Objectives: Determine the outcomes of branch pulmonary artery (PA) stents.
Background: Pulmonary artery stenosis exists as a spectrum. It varies from localized stenosis occurring in one or both branches at one end of the spectrum to more diffuse widespread bilateral stenoses at the other. Very often a localized stenosis is associated with post-stenotic dilatation, whereas diffuse tubular narrowing may not have post-stenotic dilatation. The stenosis can occur either at the origin or more peripherally beyond the hilar branches. The stenosis is commonly congenital in origin occurring either as an isolated anomaly or in association with other congenital heart defects. It can also occur following a previous attempt at surgical repair. It is most frequently seen in children with pulmonary atresia with ventricular septal defect or more complex anomalies with single ventricle physiology.

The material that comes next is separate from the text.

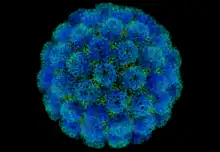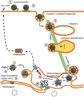 SV40 consists of an unenveloped icosahedral virion with a closed circular double-stranded DNA genome[4] of 5.2 kb.[5] The virion adheres to cell surface receptors of MHC class I by the virion glycoprotein VP1. Penetration into the cell is through a caveolin vesicle. Inside the cell nucleus, the cellular RNA polymerase II acts to promote early gene expression. This results in an mRNA that is spliced into two segments. The small and large T antigens result from this. The large T antigen has two functions: 5% goes to the plasma cell membrane and 95% returns to the nucleus. Once in the nucleus the large T antigen binds three viral DNA sites, I, II and III. Binding of sites I and II autoregulates early RNA synthesis. Binding to site II takes place in each cell cycle. Binding site I initiates DNA replication at the origin of replication. Early transcription gives two spliced RNAs that are both 19s. Late transcription gives both a longer 16s, which synthesizes the major viral capsid protein VP1; and the smaller 19s, which gives VP2 and VP3 through leaky scanning. All of the proteins, besides the 5% of large T, return to the nucleus because assembly of the viral particle happens there. A putative late protein VP4 has been reported to act as a viroporin facilitiating release of viral particles and resulting in cytolysis;[6][7] however the presence and role of VP4 have been disputed.[8][9]
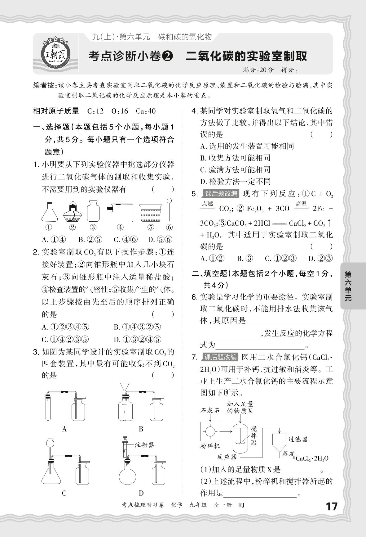 2024上册九年级化学人教版 第六单元 考点诊断小卷 二氧化碳的实验室制取【2】

Methods: we present our experience in 26 patients with stent implantation in ductus arteriosus and branch pulmonary arteries.
Results: The procedure was successful in all patients resulting in a significant reduction in the post-operative gradients. This approach avoids difficult surgery on fragile pulmonary arteries, recruits pulmonary arteries, maintains their patency and makes them amenable to future percutaneous or surgical interventions.

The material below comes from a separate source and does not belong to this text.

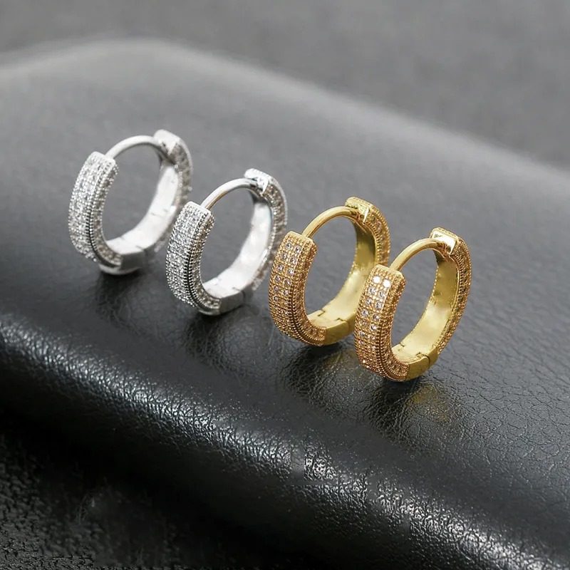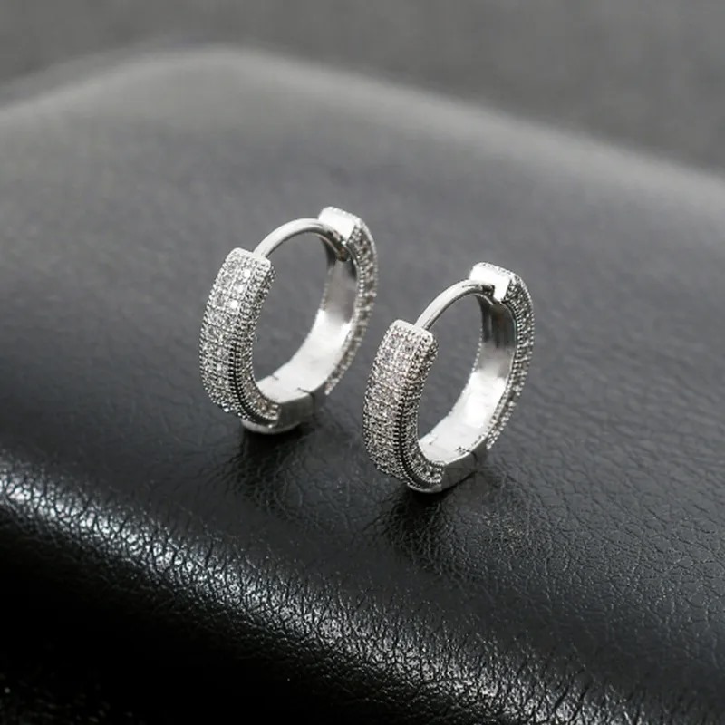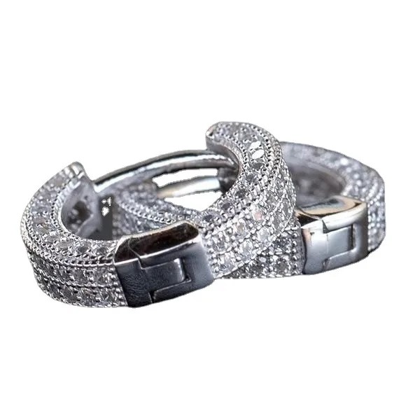 The earring is crafted in a rounded, slightly squared shape and is beautifully inlaid with rows of tiny, sparkling zircon stones that enhance their luxurious appeal. The meticulous plating and high-polish finish give these earrings a refined and sophisticated look, making them perfect for both casual wear and formal occasions. Designed with a secure hinged clasp, they are both stylish and practical, ideal for anyone seeking a timeless accessory with a modern touch.

Conclusion: with continuing developments and refinements in the technology and increasing experience with these techniques, the safety profile of stenting of branch pulmonary arteries should improve even further. Although surgeons can deal with proximal branch pulmonary artery stenosis, there is a high probability of recurrence. Moreover, surgeons are unable to deal with stenosis beyond the hilum. Stents can be implanted at all ages with excellent and predictable results.